Bill Quinn, chairman of Aviation Management Systems and a seasoned, level-headed observer of business aviation’s ups and downs, sees it this way: “Many publications like the WSJ are on the ropes and they will do anything they can to survive. In my view what they have done, and are doing, is irresponsible and certainly not in keeping with the legacy of the WSJ. However, if one considers that a starving animal will essentially eat its young in order to survive, then anything is fair game right now for these folks.”
The same research that the WSJ brought to bear on New York mayor Michael Bloomberg’s private-jet travels has now been applied to a broader swath of the fleet, and the paper’s so-called JetTracker makes available the origins, destinations and dates of trips flown by corporate jets between 2007 and 2010–regardless of whether or not the operators had chosen to apply the privacy protections of the currently threatened Barr (block aircraft registration request) program (see page XX). JetTracker is not a live feed of current movements but a compilation of historical data for those years.
Cleverly, the paper promotes JetTracker as a capitalist tool that could give readers inside knowledge on a company’s movements as an indicator of merger/acquisition activity. One of the articles cited, with 20/20 hindsight, the S-76 crash that dunked a cabin load of MBNA executives in New York’s East River as they were taking off to return to Delaware after merger negotiations.
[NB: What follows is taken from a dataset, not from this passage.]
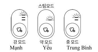 - Khi nhấn nút, chế độ phun hơi nước sẽ chuyển từ mạnh - trung bình-yếu.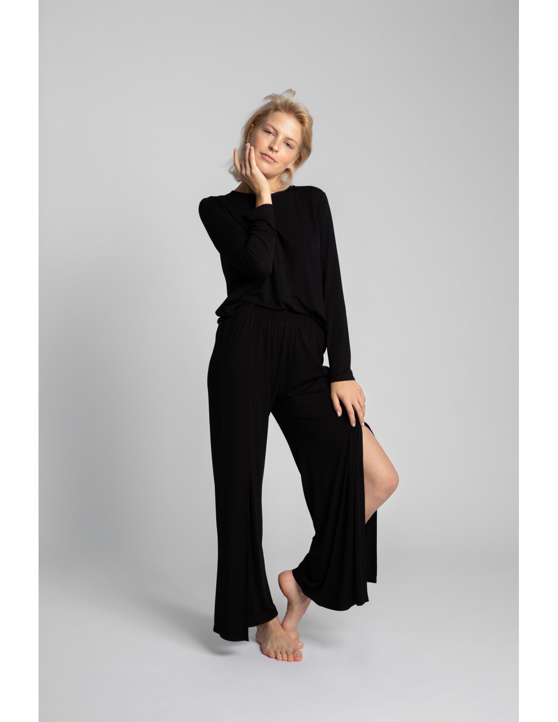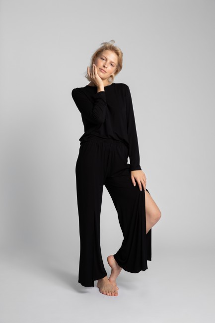 Ach, cóż to za spodnie! Uszyte z lekkiej, „lejącej” wiskozy, z wysokimi rozcięciami pośrodku nogawek na przodzie. Proszą się - wyskocz z łóżka i ruszaj do tańca, do jogi, do aktywności! Wyprodukowano w Polsce.

Again with perfect hindsight, the WSJ pronounced that Caterpillar’s purchase of Bucyrus could have been foreseen had the lid been off its jet’s movements. It is corporations’ distaste for just this sort of corporate espionage, of course, that is behind the effort to protect and preserve Barr.
Since the WSJ’s own protective layer of spokespersons was distinctly uncommunicative last time around with the Bloomberg article, AIN did not try to reach the paper for comment about its latest assault on business aviation. Back in February, the gatekeepers told AIN simply that the paper does not publicly discuss its newsgathering.